▶ _AVAILABLE DATA_:
---------------

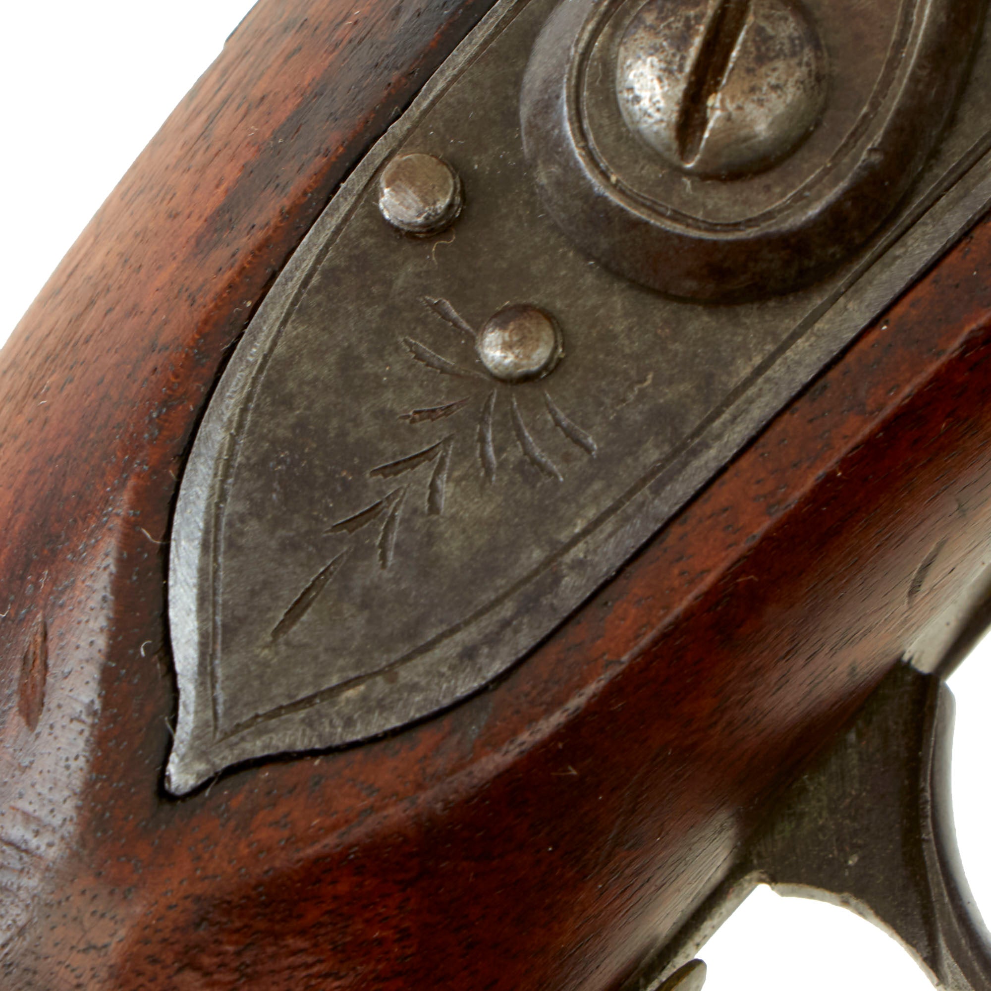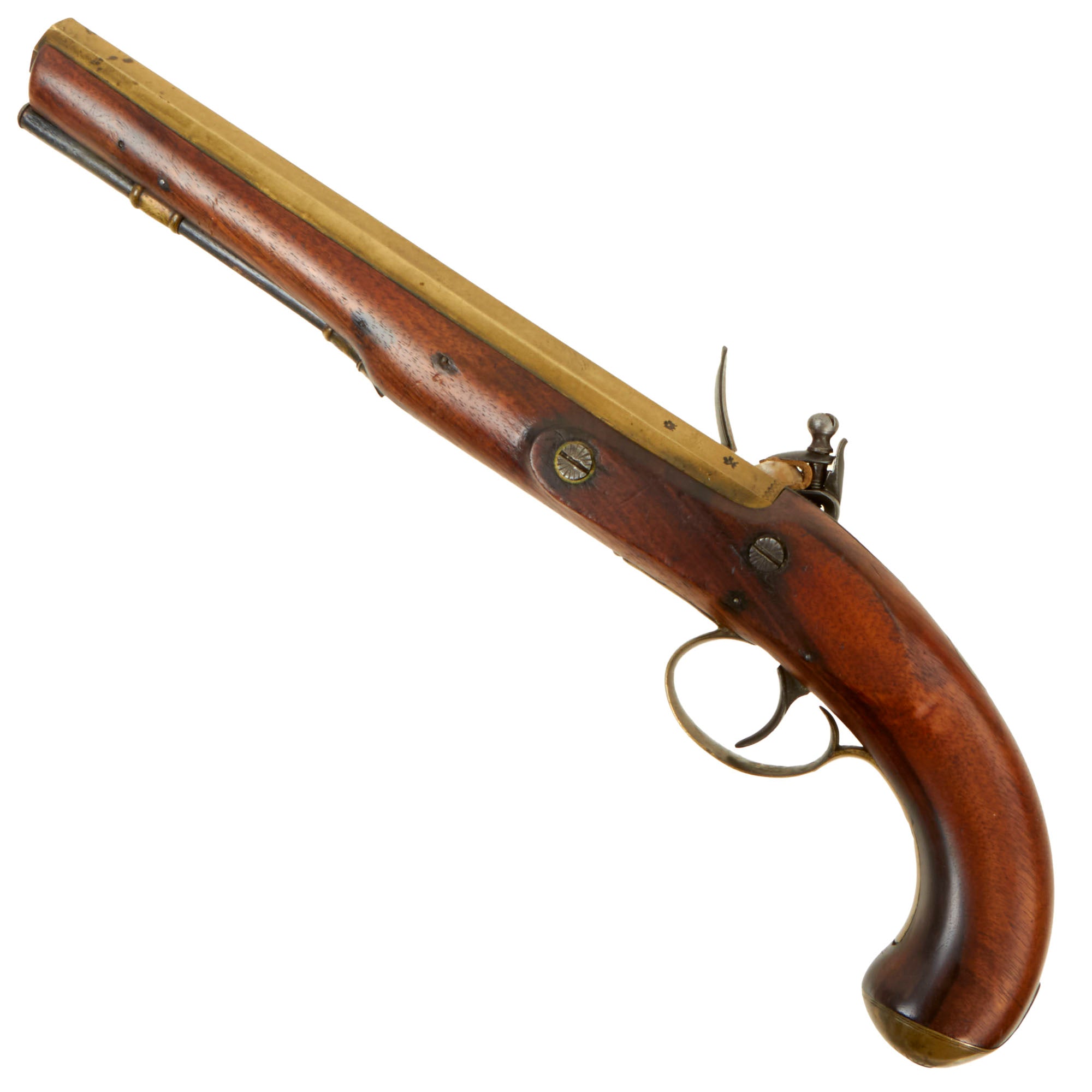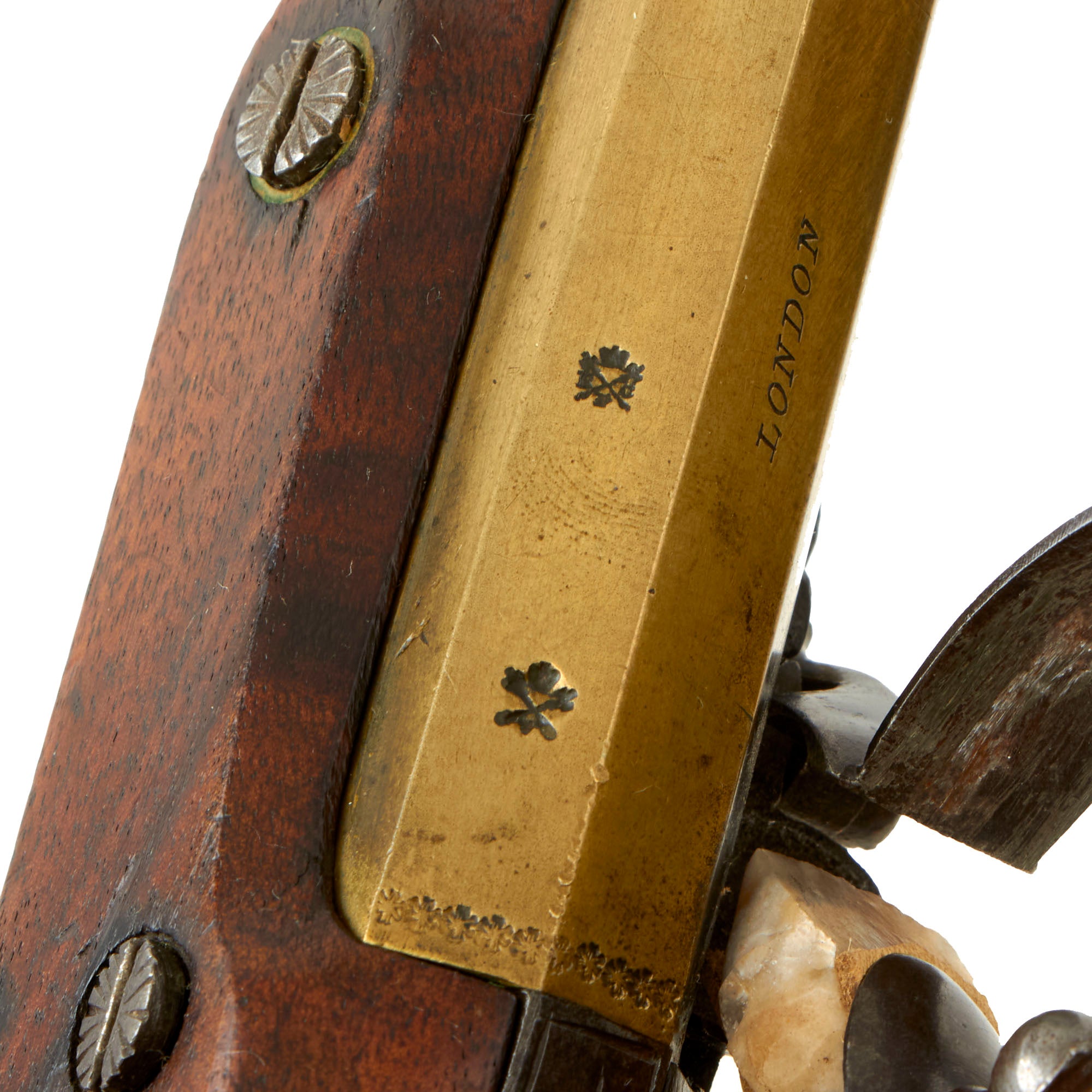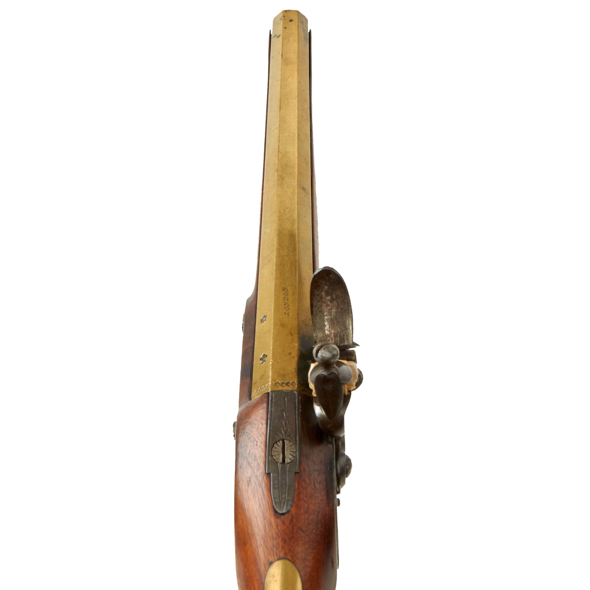 This lovely pistol is full stocked and has all brass mountings, with a gorgeous stock and brass escutcheon on the back of the grip. It features an octagonal BRASS barrel of10" with an overall length of 15 1/2". The barrel has the CROWN / CROSSED SCEPTERS / BPC "proof" and CROWN / CROSSED SCEPTERS / V "viewed" marks from the English city of Birmingham on the top near the breech. These are the correct markings for 1813 and later manufacture. It comes complete with a wooden ramrod, which is probably a period replacement for display.
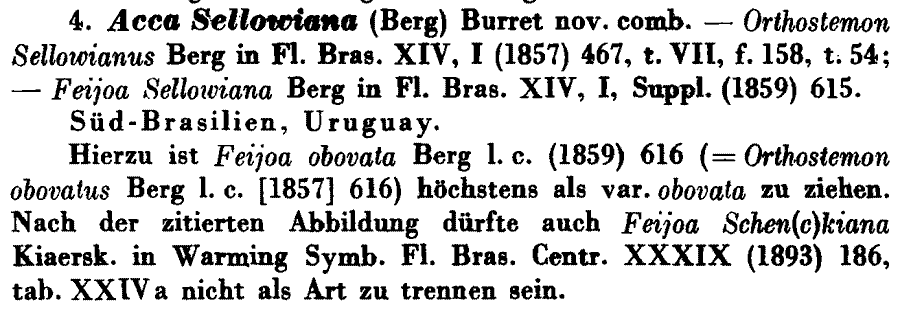 Протолог Feijoa schenkiana Kiaersk. (Enumeratio Myrtacearum Brasiliensium 186, pl. 24, fig. a. 1893):
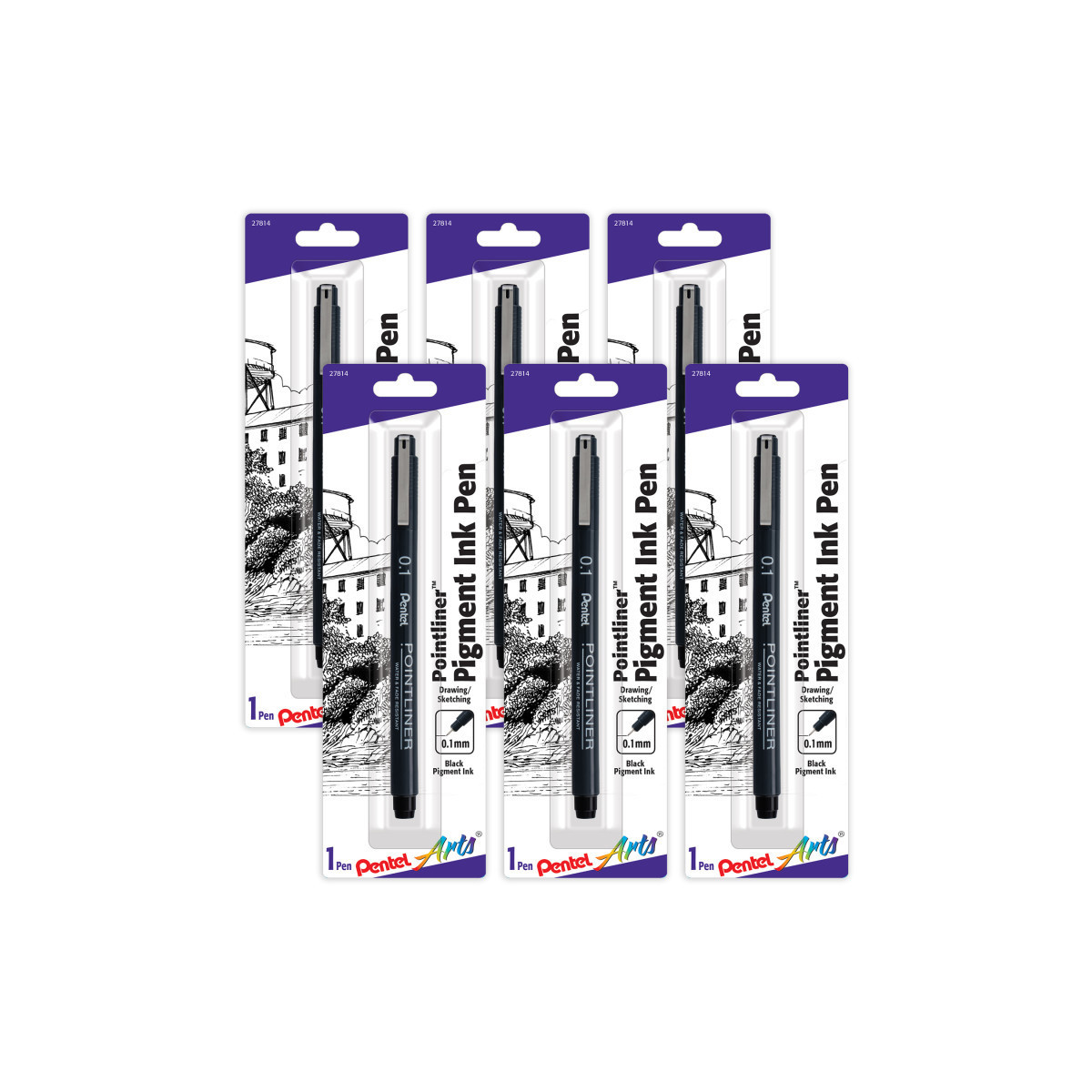 The Pointliner lines draw clean, in a rich solid black pigment ink. The durable plastic nib does not degrade or split over time like competitive brands. The ink flow is consistent is perfect for shading techniques, such as cross hatching and stippling. The waterproof ink dries quickly and integrates well with watercolor washes. Sold as a pack of 6.
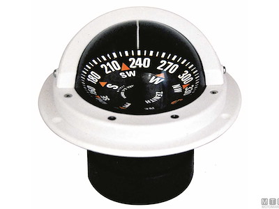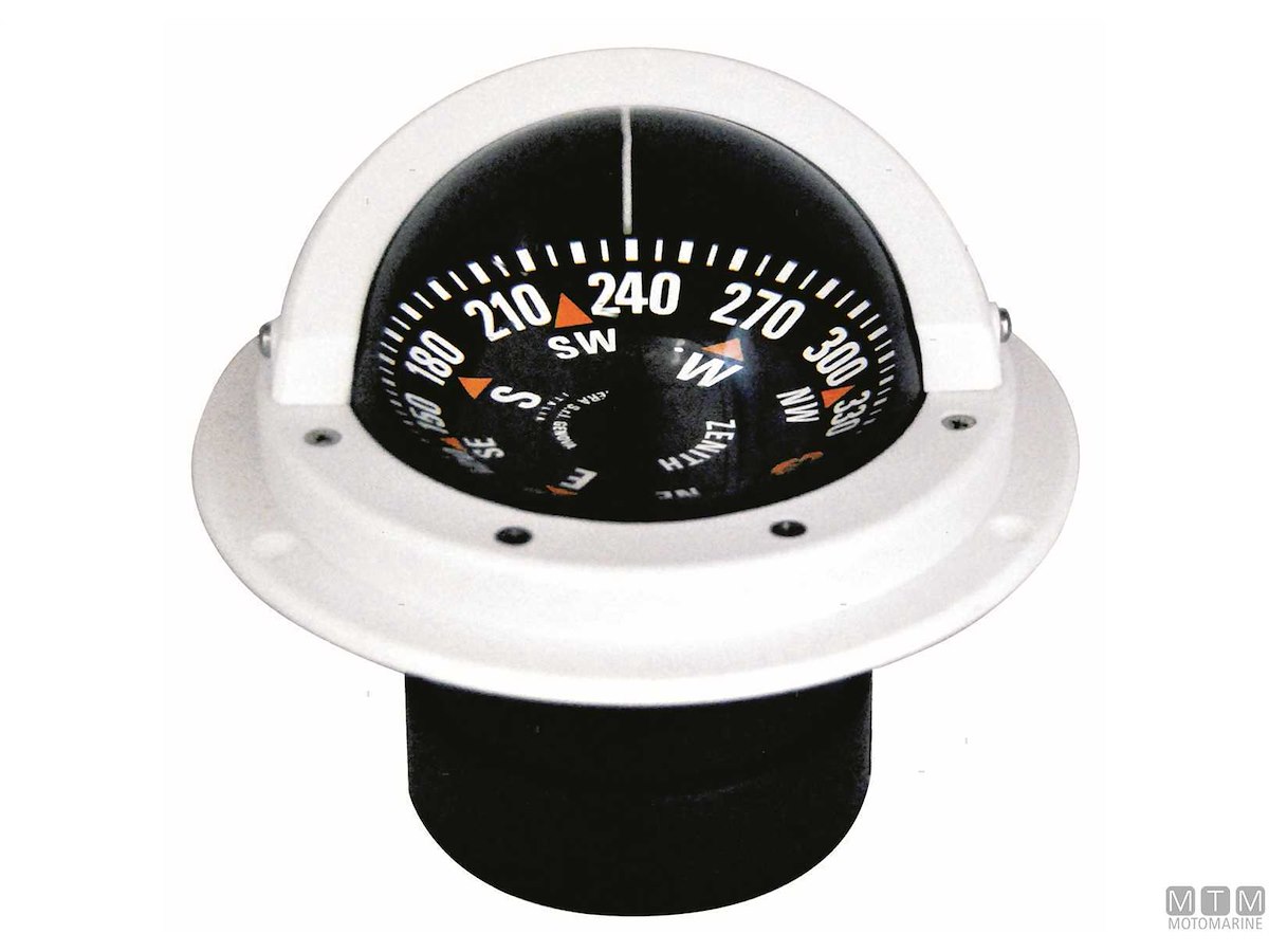 Bussola a incasso Zenith BZ1 con schermo antiriflesso. Versione normale e alta velocità per barche veloci. • Compensazione incorporata • Sospensione cardanica interna • Illuminazione: 12V di serie (24V a richiesta )• Diametro apparente da 3” - 80 mm • Lettura posteriore (divisione rosa 5°) • Per imbarcazioni normali e alta velocità • Garanzia 3 anni * Certificazione MED (se necessaria) da richiedere prima dell'acquisto
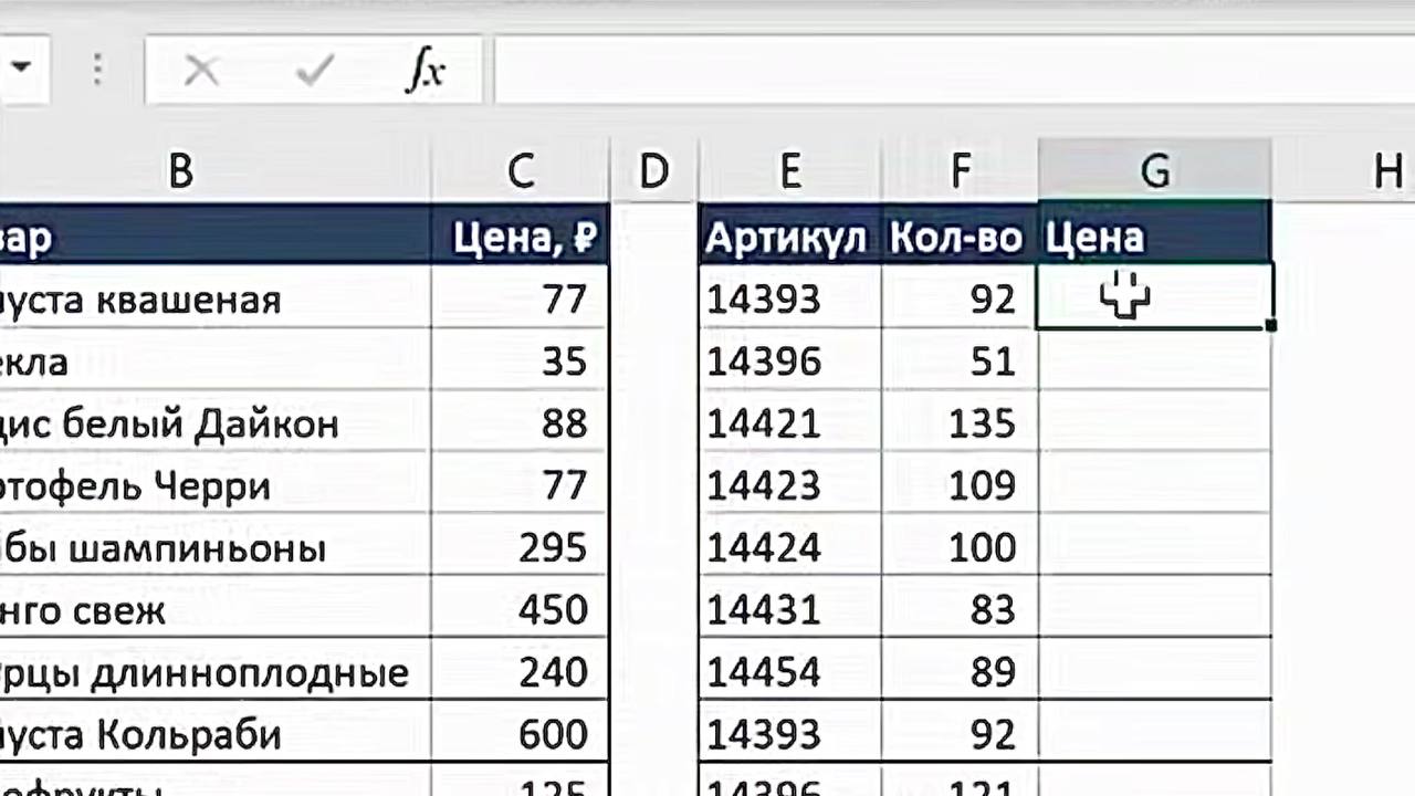- Встаньте в пустую ячейку основной таблицы, куда хотите подтянуть цену (например, напротив первого артикула).
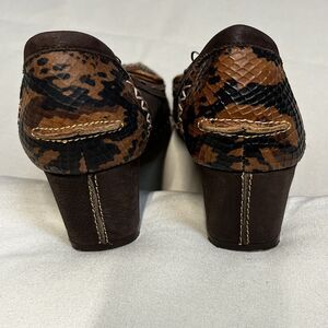 JESSICA BENNETT BROWN Leather WOMEN WEDGES SHOES 8.5 vintage look Leopard Print
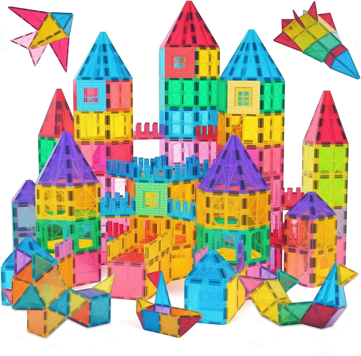 【Seguro e durável】Esses blocos de construção magnéticos são feitos de material ABS seguro e ecologicamente correto, com ímãs fortes, fáceis de conectar e desconectar, de alta qualidade, fortes e duráveis, seguros e inodoros; O design da borda do arco garante uma superfície lisa, não machuca as mãos e garante que as crianças brinquem com segurança; Os blocos de construção são muito coloridos e do tamanho certo para as crianças pegarem.

---------------

▶ _THE PROBLEM_: Could you reproduce the listing above exactly and drop every picture?

▶ _TASK ANSWER_:
 This lovely pistol is full stocked and has all brass mountings, with a gorgeous stock and brass escutcheon on the back of the grip. It features an octagonal BRASS barrel of10" with an overall length of 15 1/2". The barrel has the CROWN / CROSSED SCEPTERS / BPC "proof" and CROWN / CROSSED SCEPTERS / V "viewed" marks from the English city of Birmingham on the top near the breech. These are the correct markings for 1813 and later manufacture. It comes complete with a wooden ramrod, which is probably a period replacement for display.
 Протолог Feijoa schenkiana Kiaersk. (Enumeratio Myrtacearum Brasiliensium 186, pl. 24, fig. a. 1893):
 The Pointliner lines draw clean, in a rich solid black pigment ink. The durable plastic nib does not degrade or split over time like competitive brands. The ink flow is consistent is perfect for shading techniques, such as cross hatching and stippling. The waterproof ink dries quickly and integrates well with watercolor washes. Sold as a pack of 6.
 Bussola a incasso Zenith BZ1 con schermo antiriflesso. Versione normale e alta velocità per barche veloci. • Compensazione incorporata • Sospensione cardanica interna • Illuminazione: 12V di serie (24V a richiesta )• Diametro apparente da 3” - 80 mm • Lettura posteriore (divisione rosa 5°) • Per imbarcazioni normali e alta velocità • Garanzia 3 anni * Certificazione MED (se necessaria) da richiedere prima dell'acquisto
- Встаньте в пустую ячейку основной таблицы, куда хотите подтянуть цену (например, напротив первого артикула).
 JESSICA BENNETT BROWN Leather WOMEN WEDGES SHOES 8.5 vintage look Leopard Print
 【Seguro e durável】Esses blocos de construção magnéticos são feitos de material ABS seguro e ecologicamente correto, com ímãs fortes, fáceis de conectar e desconectar, de alta qualidade, fortes e duráveis, seguros e inodoros; O design da borda do arco garante uma superfície lisa, não machuca as mãos e garante que as crianças brinquem com segurança; Os blocos de construção são muito coloridos e do tamanho certo para as crianças pegarem.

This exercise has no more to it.